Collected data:
▼
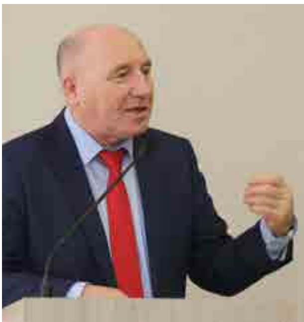
Александр Панин, Уполномоченный по правам человека в Белгородской области

Сегодня Белгородская область – в полном смысле полоса, приближенная к театру военных действий специальной военной операции. Каждый прилет снарядов со стороны Украины и другие происшествия, связанные со СВО, наносят прямой и косвенные ущербы Белгородской области. Региональные власти взяли на себя ремонт поврежденного и предоставление нового жилья белгородцам, а также выплаты компенсаций за разбитые автомобили, временное отселение людей из опасных для жизни сел и сопутствующие расходы (на сегодняшний день восстановлено почти 2000 домов и квартир, еще 500 – в работе).
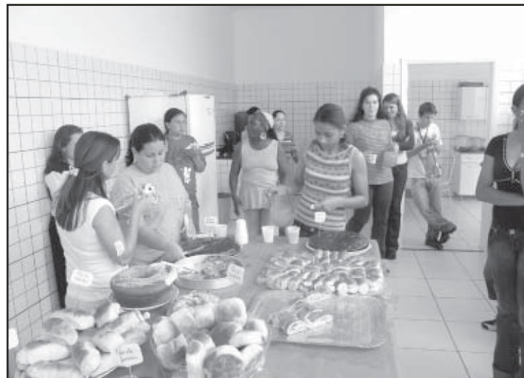
Formandas da padaria do Jardim Ana Guilherme

ção do projeto, a idéia é agora, com o curso concluído, que os participantes possam produzir em suas próprias casas alimentos para a comercialização e assim gerar uma renda comple-
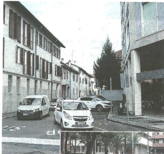
In alto via Roma, l'unica strada in cui la pedonalizzazione viene giudicata non impossibile, qui accanto la via San Camillo

«L'unica strada che si potrebbe pedonalizzare è via Roma» afferma l'assessore ai Lavori pubblici, Claudio Caldiroli: «Lo abbiamo effettivamente ipotizzato, essendoci molti servizi come l'ufficio postale e il distretto sanitario, ma i commercianti hanno espresso parere negativo: vivono del traffico di passaggio e, comprensibilmente, rischierebbero di chiudere». Certo non ci sono molti parcheggi, ma via Roma si trova chiusa fra le aree di sosta di via Garibaldi, via Ponchirolì e piazza Libertà. «In ogni caso abbiamo in programma la sua valorizzazione attraverso la modifica dell'arredo urbano, in particolare dell'illuminazione pubblica» annuncia il
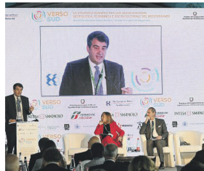
«VERSO SUD» L'intervento del ministro Fitto al forum di Sorrento
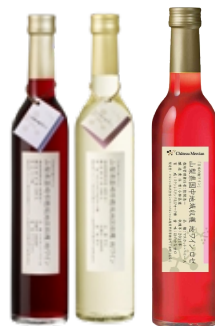
-シャトー・メルシャン 日本の地ワイン ・穂坂マスカット・ベリーA ・穂坂甲州 ・山梨マスカット・ベリーA ロゼ 500ml
▲
**Task prompt**
Through the line containing "ção do projeto, a" and no further, restate the data above word for word from its first line, leaving out pictures.

**Response area**
Александр Панин, Уполномоченный по правам человека в Белгородской области

Сегодня Белгородская область – в полном смысле полоса, приближенная к театру военных действий специальной военной операции. Каждый прилет снарядов со стороны Украины и другие происшествия, связанные со СВО, наносят прямой и косвенные ущербы Белгородской области. Региональные власти взяли на себя ремонт поврежденного и предоставление нового жилья белгородцам, а также выплаты компенсаций за разбитые автомобили, временное отселение людей из опасных для жизни сел и сопутствующие расходы (на сегодняшний день восстановлено почти 2000 домов и квартир, еще 500 – в работе).
Formandas da padaria do Jardim Ana Guilherme

ção do projeto, a idéia é agora, com o curso concluído, que os participantes possam produzir em suas próprias casas alimentos para a comercialização e assim gerar uma renda comple-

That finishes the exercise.